Welcome to my place ... Brittany
Brittany is the vegetable basket of France and the food markets are a joy to visit
Brittany on a sunny day. Photograph: Niall O’Reilly
What do you like about living in Brittany?
I love the unspoiled countryside and the opportunity to enjoy fantastic seafood, wines and other foodstuffs. Brittany is the vegetable basket of France and the food markets are a joy to visit.
Where is the first place you bring people to when they visit?
We live between two of the most famous tourist sites in France, so it’s either the amazing monastery at Le Mont St Michel or the extraordinary megalithic site of Carnac. Both are less than two hours from our home, but if we wanted to see something closer, the little walled town of Moncontour with its ancient streets, beautiful houses and medieval character is only a short trip.
The top three things to do there, that don’t cost money, are ...
The Mené is a bit like Cavan with little hills and drumlins, so people get out and walk or cycle. There are ancient villages and beautiful churches to discover, and people are very friendly, which reminds me of Ireland. It’s the custom here on entering a bar to kiss every woman twice and shake the hand of every man, so people get to know you very quickly. Everyone here loves Ireland and refers to me as their cousin. Apart from walking and cycling, there is also the seaside and opportunities to swim, fish or sail, depending on your priorities. In the summer there are free music festivals in the towns and villages and lots of Breton dancing in the fields.
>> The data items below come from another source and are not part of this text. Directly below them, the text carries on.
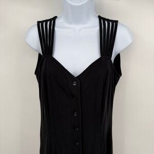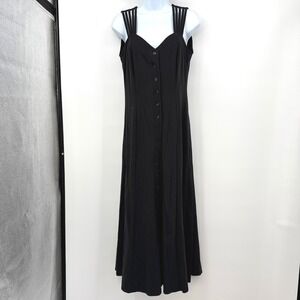 Spiegel Black Maxi Dress Sz 6 Button Front Sleeveless Y2K Goth Classic Preppy
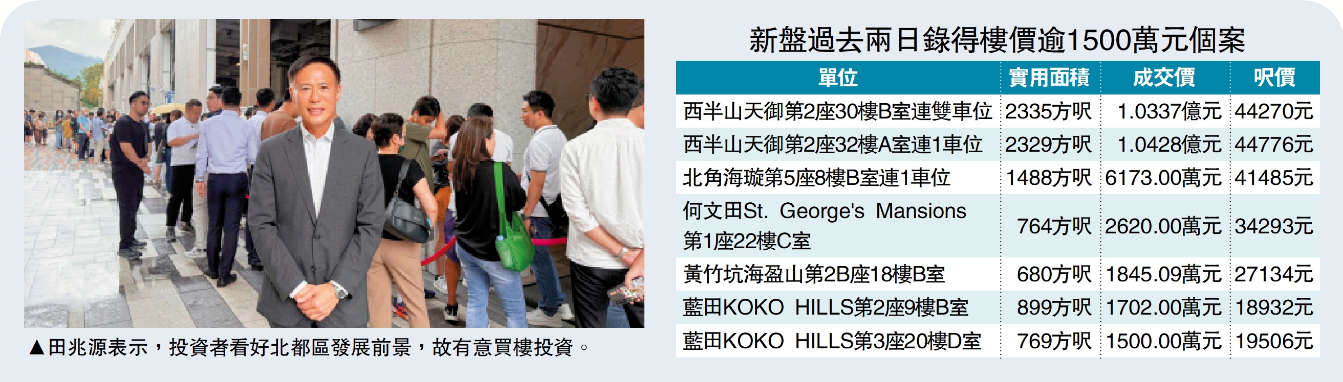 貴價一手豪宅仍然不乏成交。恒地及新世界發展的西半山天御,昨日便以招標方式售出第2座30樓B室及32樓A室兩個單位。前者連兩個車位的成交價逾1.03億元,買家採210天成交期付款辦法及若提早完成交易,可再獲樓價2.39%折扣優惠,發展商則代繳印花稅;後者連1個車位的成交價逾1.04億元,買家採150日成交期付款辦法。該盤上月底至今暫售出4個單位,套現逾6.7億元;恒地等昨日隨即再安排該盤第2座31樓B室及33樓A室於本周四起招標出售。
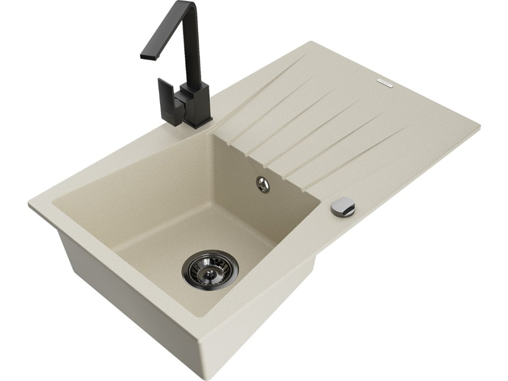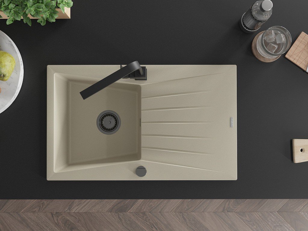 MEXEN/S - Cesar granitový dřez 1-miska s odkapávačem včetně baterie Rita, béžový 6514-69-670300-70

Where do you recommend for a great meal that gives a flavour of Brittany?
It has to be the seafood and the buckwheat galettes. We would recommend a visit to Rennes, the capital of Brittany, on a Saturday morning to walk around the wonderful Marché de Lice in the city centre. It is the largest food market outside Paris and is a gastronomic sensation for both the eyes and the palate. Eat at the food stalls.
Where is the best place to get a sense of Brittany’s role in history?
Visit the coastal cities of Nantes and Vannes to experience Brittany’s wealth of heritage. The Irish have been coming here since the fifth century, and some say St Patrick himself was born in a Roman villa just outside St Malo. The fishing fleet on the west coast of Brittany has ancient Celtic links, and the town of Lorient has the largest Celtic festival in the world during the first three weeks of August every year.
What should visitors save room in their suitcase for after a visit to Brittany
It has to be some famous sea salt from Guérande. It has been collected there since Roman times and nothing much has changed. If you add a few bottles of Chouchen, which is mead, and some local cheeses you will return from your holiday in Brittany with some great memories and gifts.